The boldest of the Bronx Irish kidnappers was Vincent "Mad Dog" Coll. Raised in miserable poverty in Donegal, he came to the Bronx as a young man and hooked up with a gang of likeminded hooligans. Together they snatched an old-world Italian gangster named Mustache Pete. (They sent his fingers and ears to the family to get ransom money.) In 1931, Coll sealed his fate when he attempted a drive-by of mobster Joe Rao. Rao survived, but Coll clipped a few kids in the shooting. Gangland had had enough of this lunatic, and in 1932 he was gunned down in a drugstore phone booth on W. 23rd St. His grave sits in St. Raymond's Cemetery in the East Bronx, his headstone not far from where the Lindbergh baby kidnappers picked up their ransom money in 1932.


Though no mob boss called the Bronx home, that's not to say there was no mafia to be found. My father once told me a story about his days as a fireman near Arthur Ave. in the late 1960s. He'd been injured in a fire and was put on light duty, walking around the area and ticketing cars parked in front of hydrants. My father knew the area was thick with mobsters and began his beat with a stop in the neighborhood's most popular coffee shop. He told the owner that he would be taking his coffee there every morning. Then he would head out to write the tickets. The men in the shop, understanding and appreciating the gesture, paid local kids to move their cars as my father sipped his joe. Only non-neighborhood people got tickets.


A lot of guys I grew up with in the Bronx claimed to be "connected." It may have been true, but I always suspected it to be an affectation. I went to high school with a very sharp Italian kid named Dominick. He scored a 1300 on the SATs, but when asked what he planned to do with his life, he'd simply answer: "I'm going to be in the mafia."


Dominick, I figured, really was a mobster in training, because if you wanted to bet on a football game, you went to him. He also had some extracurricular drug sales going and was big on cutting off parking meters?taking them into cellars and breaking them open with a sledge hammer. He made the Daily News when his body was found in the trunk of his car, chopped to pieces. The report surmised that he'd fooled around with a made guy's wife.


There is still a strong Italian presence in the Bronx. Unlike other white ethnics, they haven't completely fled the borough. Though Arthur Ave. probably hosts more Slavic residents than Italian, the businesses are largely operated by the latter, and Pelham Bay, Throggs Neck and Country Club still have plenty of Italians.

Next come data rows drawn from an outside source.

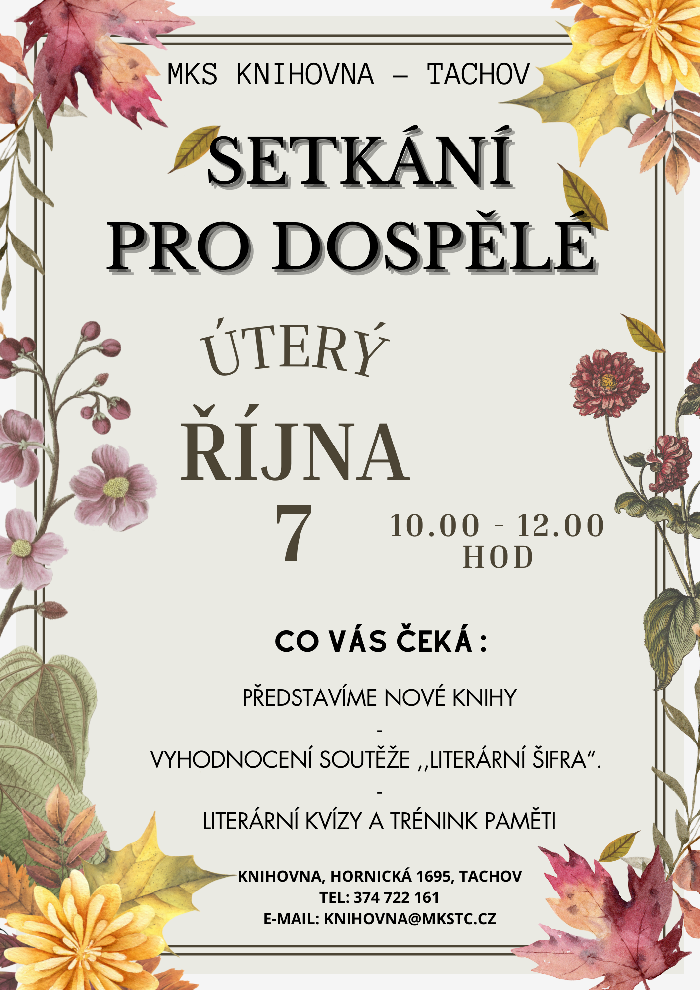 Příznivci pravidelného setkávání se mohou těšit na ukázku nových knih, při které se dozví zajímavosti o nových titulech a jejich autorech. Pro milovníky kvízů a hlavolamů jsou připraveny různé úkoly pro trénink paměti. Součástí programu bude také vyhodnocení soutěže Literární šifra.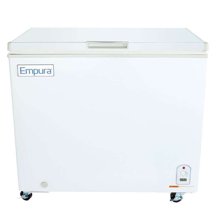 Empura, E-CF-7, Solid Lid Chest Freezer, 37.52"W x 23.15"D x 31.93"H, 7.1 cu. ft. capacity, -10F to 0 F temperature range, 115v-60hz-1ph, NEMA 5-15P power cord, temperature display, front drainage for easy water collection, stealthy handling, strong and durable for kitchen use, internal round edges for easy cleaning, balanceable door hinges that stop at 35 to 70 angles, quick and deep freezing, low noise design, equipped with a lock, ETL, ETL Sanitation, Tested and conforms to NSF-7 Standards, Empura Refrigeration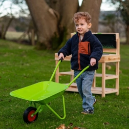Dzięki ergonomicznemu designowi z dwoma rączkami i solidnym gumowym kołem taczka jest łatwa do prowadzenia nawet dla małych dzieci.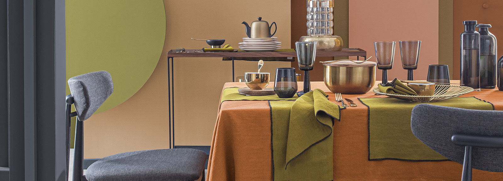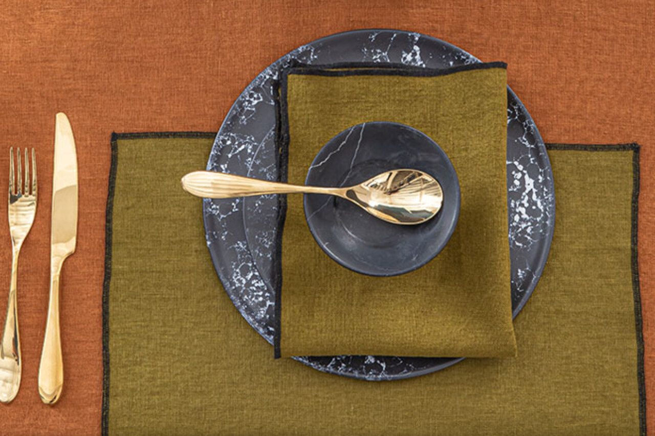 LETIA, Nappe Kaki de la Collection linge de table de chez hARMONY.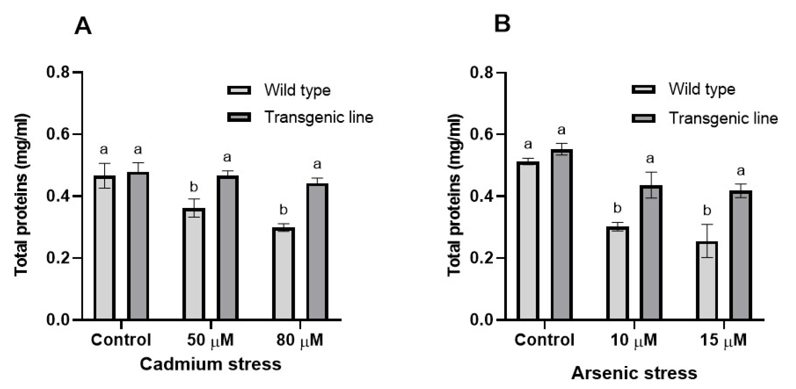 3.6. Effects on Total Protein Content Under Cd and as Stress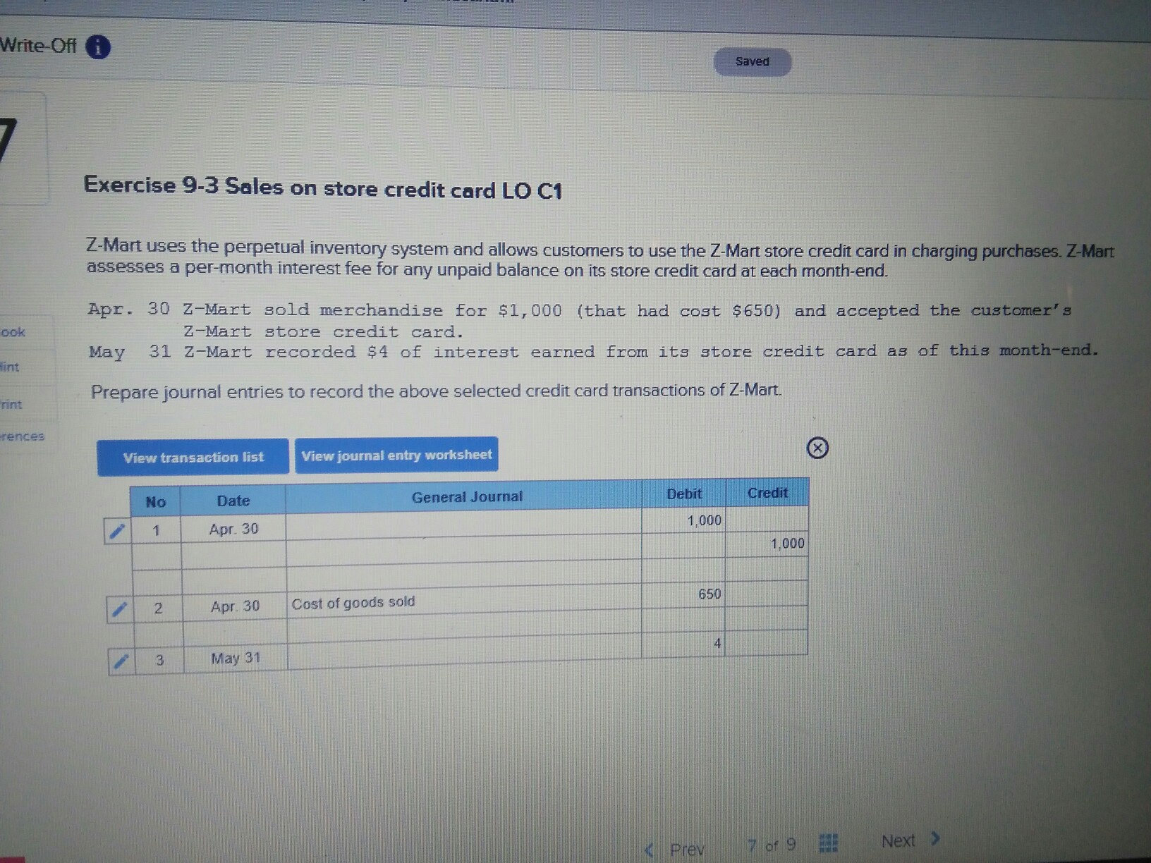 On May 1 it sold 1400 of merchandise for cash. On May 1 it sold 1400 of merchandise on credit. X-Mart uses the perpetual Inventory system to account for its merchandise.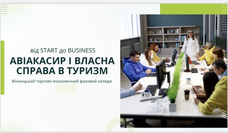 Для студентів 1–3 курсів спеціальності «Туризм і рекреація» ВСП «Вінницький торгово-економічний фаховий коледж» ДТЕІ проведено онлайн-лекцію на тему «Авіакасир і власна справа в туризмі: від старту до бізнесу». Спікеркою зустрічі стала Олена Кашперська – співвласниця, CEO та амбасадорка авіакосолідатора Airlife.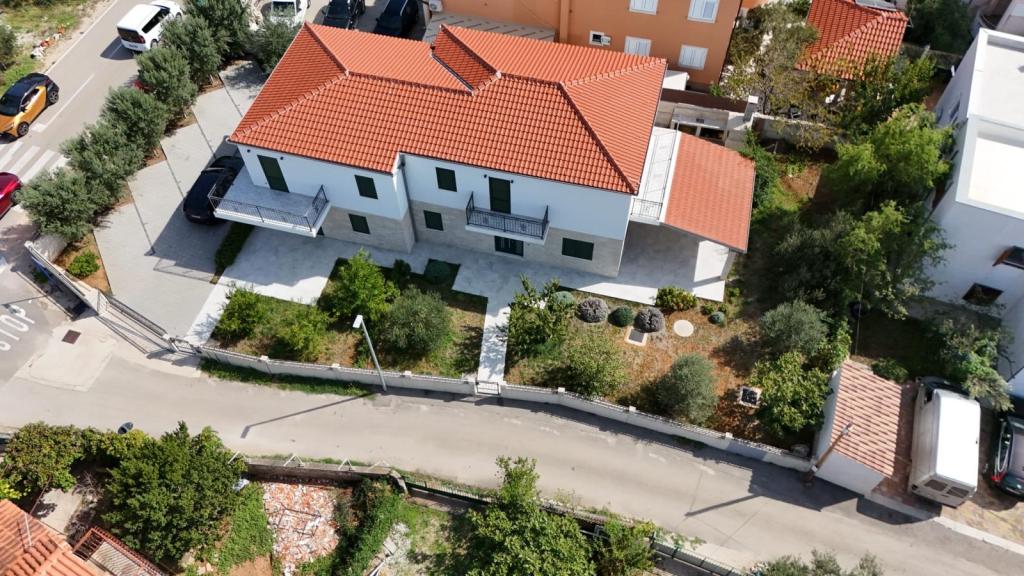 Moderní apartmány na klidném místě Srima se nachází 200 m od moře. Po ulici se dostanete do centra, kde je velká oblázková pláž, promenáda podél moře, která vede do Vodice, obchody, kavárny, park, dětské hřiště a další zařízení. Dva apartmány stejné velikosti se skládají ze dvou ložnic, kuchyně, koupelny, obývacího pokoje a velké terasy v přízemí a balkonu v 1. patře. Ke každému bytu náleží hlídané parkovací místo v oploceném dvoře. Prostorné, uklizené a nové prostředí domu vám poskytne pocit pohodlí. Spojení s ostrovy (loď taxi), blízkost tří národních parků a kulturní centrum Šibeniku jsou další atrakce, které doplní zážitek z tohoto krásného živého malého místa, které vám zůstane v paměti.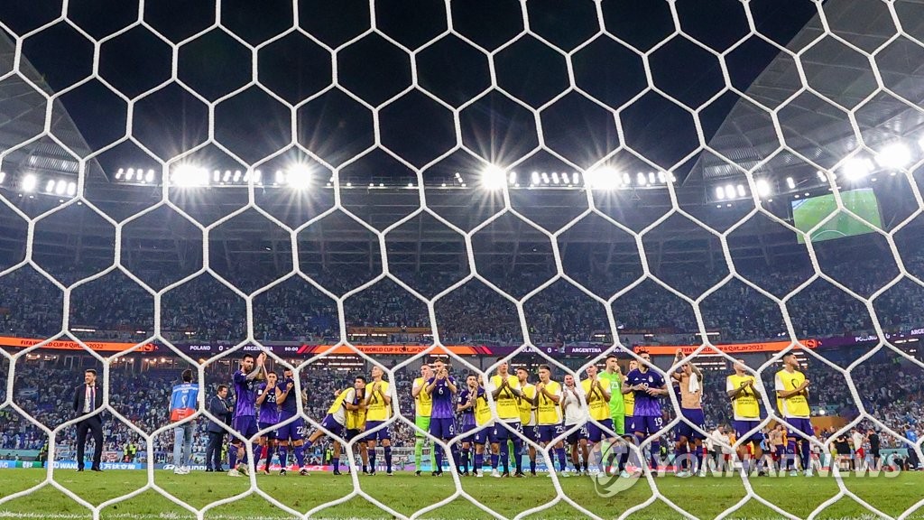 | ▲ 아르헨티나, 조1위로 16강 진출 (도하=연합뉴스) 김도훈 기자 = 30일 오후(현지시간) 카타르 도하 974 스타디움에서 열린 2022 카타르 월드컵 C조 조별리그 3차전 폴란드와 아르헨티나의 경기에서 2-0으로 승리를 거두며 조1위로 16강 진출한 아르헨티나 선수들이 팬들을 향해 인사하고 있다. 2022.12.1 superdoo82@yna.co.kr |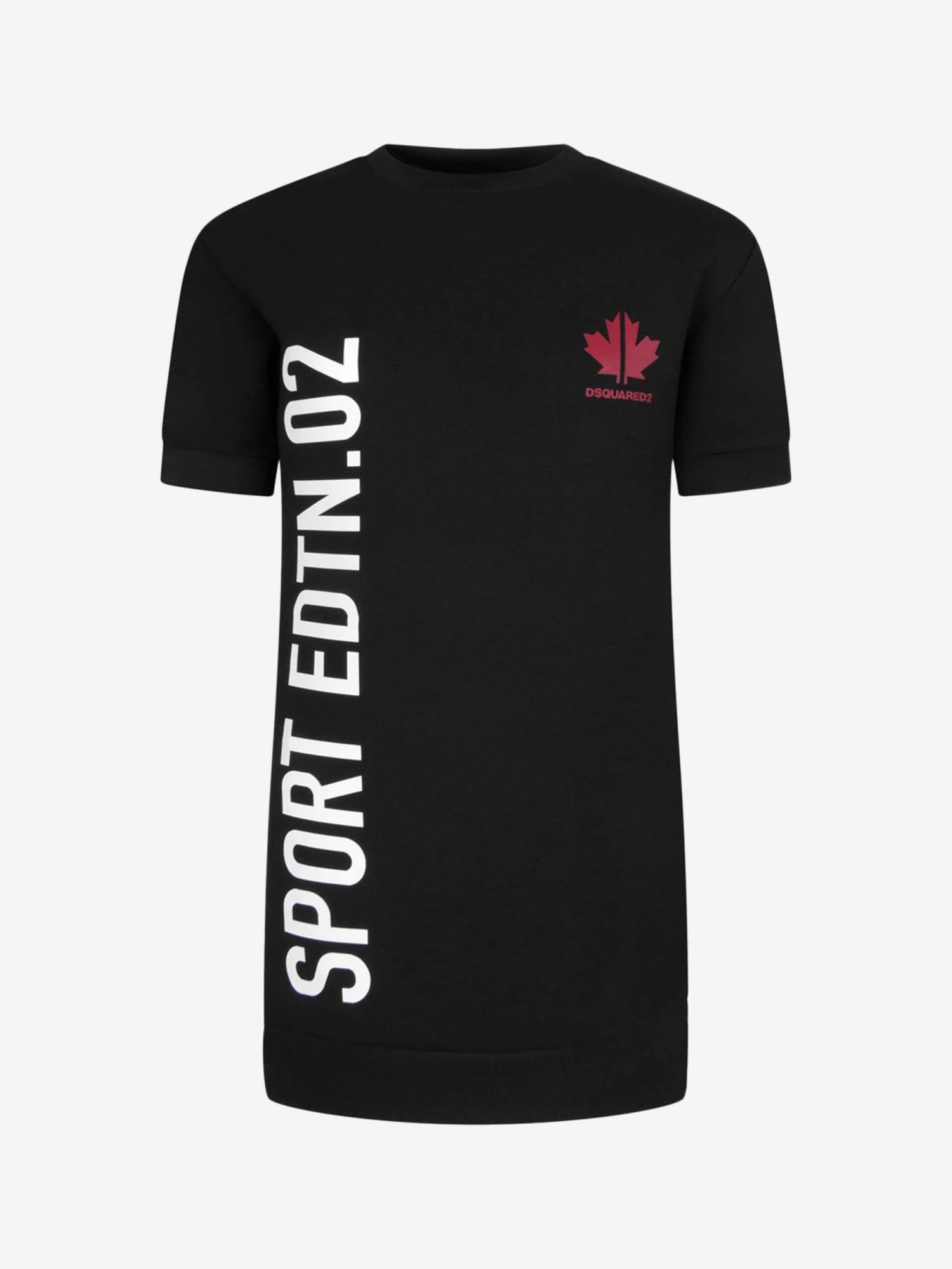Dsquared2 embody innovation and passion into their beautifully crafted designs. This girls viscose dress in black is a striking piece showcasing a bold maple leaf print and sleek, unapologetic detail. It is cut out at the back for extra innovative glamour. She will be obsessed with such a versatile piece.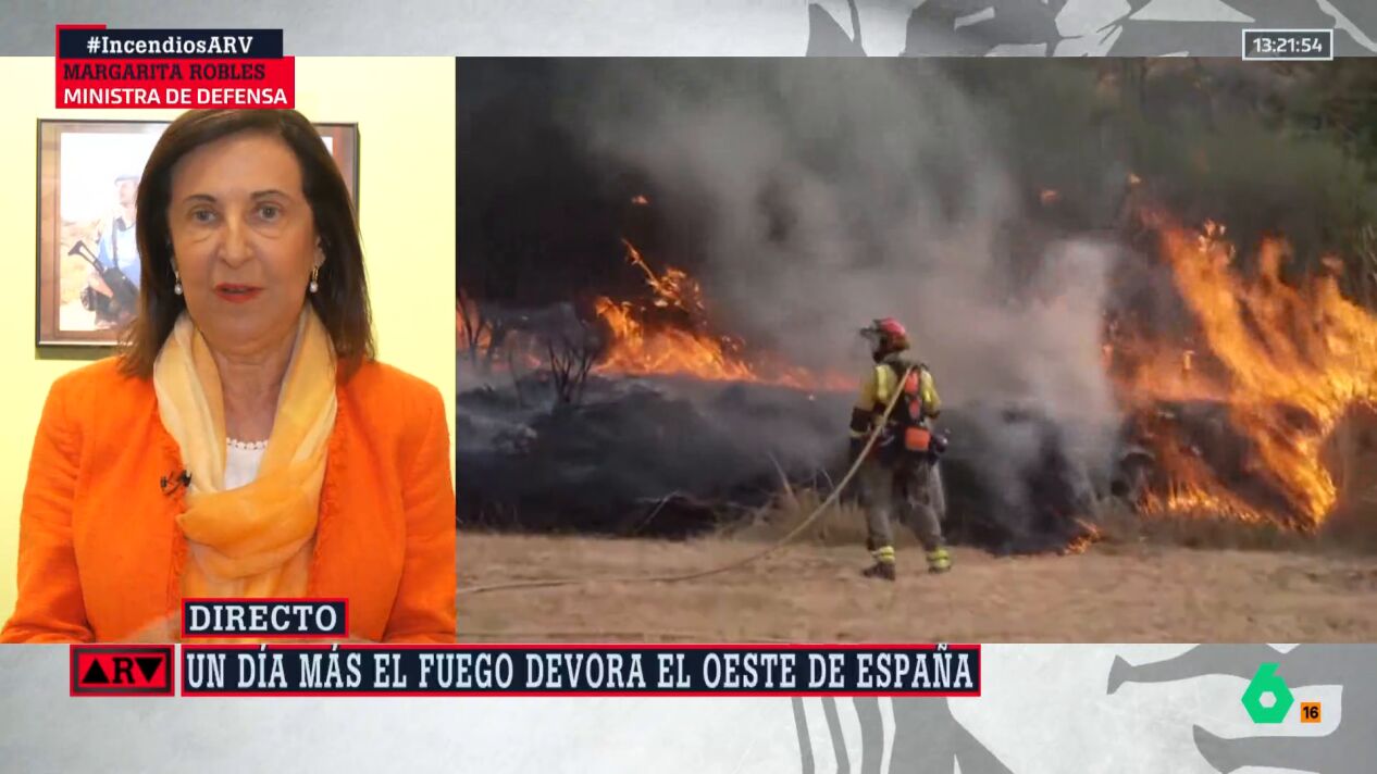 En una entrevista en Al Rojo Vivo, Robles ha comentado que estos días en los que el fuego ha asolado buena parte de España, ha habido pilotos del Ejército del Aire que han mostrado su "frustración" porque no podían volar por las condiciones meteorológicas. "Estaban los medios, pero no podían volar", ha indicado y ha añadido: "no se ha escatimado ningún tipo de medio, ni humano ni material". Además, ha recordado que "el ataque directo al incendio solo lo pueden hacer aquellos que tienen una preparación especial". "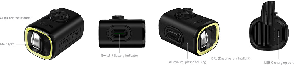 VTG 1000 je unikátní svítilna, navržená pro připevnění na přední část skládacích kol nebo koloběžek. Nabízí výkon až 1000 reálných lumen s napájením na interní USB-C dobíjecí baterii o kapacitě 2200mAh. Propracovaná optika nabízí dva nezávisle ovládané reflektory – jeden pro denní svícení a hlavní světlo s technologií GentleBeam™ zcela eliminující oslnění ostatních účastníků provozu. Magicshine VTG 1000 je ideální přední světlo pro skládací kola Brompton nebo koloběžky, pokud hledáte špičkové osvětlení s dálkovým ovládáním a neoslňujícím režimem.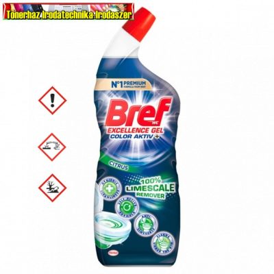 Használat előtt olvassa el, használat közben pedig tartsa be a termék használati útmutatóját és a figyelmeztetéseket. Csak WC-ben használható. Amennyiben a termék kifröccsen azonnal öblítse le tiszta vízzel. Ne keverje fehérítővel vagy más tisztítószerrel, mert az mérgező klórgáz vagy hő képződését okozhatja. BELÉGZÉS ESETÉN: Vigyük a sérültet friss levegőre, és tartsuk olyan helyzetben, hogy kényelmes legyen a légzés. BREF EXCELLENCE GEL COLOR AKTIV+. Folyékony WC tisztítószer. Veszély. Hidrogén-kloridot, 2,2'-(Octadec-9-enylimino)bisethanol-t tartalmaz. Fémekre korrozív hatású lehet. Súlyos égési sérülést és szemkárosodást okoz. Légúti irritációt okozhat. Ártalmas a vízi élővilágra, hosszan tartó károsodást okoz. Orvosi tanácsadás esetén tartsa kéznél a termék edényét vagy címkéjét. Gyermekektől elzárva tartandó. Az eredeti csomagolásban tartandó. A gőzök belélegzése tilos. A használatot követően a kezet alaposan meg kell mosni. LENYELÉS öblíteni. TILOS hánytatni. HA BŐRRE (vagy hajra) KERÜL: Az összes szennyezett ruhadarabot azonnal le kell vetni. A bőrt le kell öblíteni vízzel [vagy zuhanyozás]. SZEMBE KERÜLÉS ESETÉN: Több percig tartó óvatos öblítés vízzel. Adott esetben a kontaktlencsék eltávolítása, ha könnyen megoldható. Az öblítés folytatása. Expozíció vagy annak gyanúja esetén: Forduljon TOXIKOLÓGIAI KÖZPONTHOZ/orvoshoz. A szennyezett ruhát újbóli használat előtt ki kell mosni. A kiömlött anyagot fel kell itatni a körülvevő anyagok károsodásának megelőzése érdekében. Elzárva tárolandó. Saválló bélésű edényben tárolandó. A tartalom/edény elhelyezése hulladékként: a nemzeti előírásoknak megfelelően.

Around Arthur Ave. the Italian section is growing smaller, but the restaurants are still thriving. Recently I was in the neighborhood drinking a coffee and taking notes in an empty coffee shop. An old man with muscular forearms and white hair sat nearby sipping an espresso.


"You a writer?" he asked.


His name was Joe. He asked what I was writing about, and I paused. How do you ask someone about the mafia in a neighborhood once known for its mobsters? Joe was a local, had some miles on his face and was no doubt around during the mob's glory days.


"How are the Italians doing up here?" I asked.


Joe smiled, "All the young ones moved out. We are still here, but it is dying out because no one wants to raise the kids here. They go to Jersey, Westchester, anywhere but the Bronx. Can't survive without the young... I'm old and I don't care. I'm staying."


Joe had a New York Post in front of him. I saw my opening.


"You don't read much about the mafia in the papers anymore."


"Nah, only when they can dig up some crap from the past. Not much of that left anymore."


"They still around here?"


"Who?"


"The mafia."


Joe gave me a sour look. "What do you think?"


He picked up his paper and put it in front of his face. I put my cup down and walked quickly to my car, turning around once before getting in. Just in case.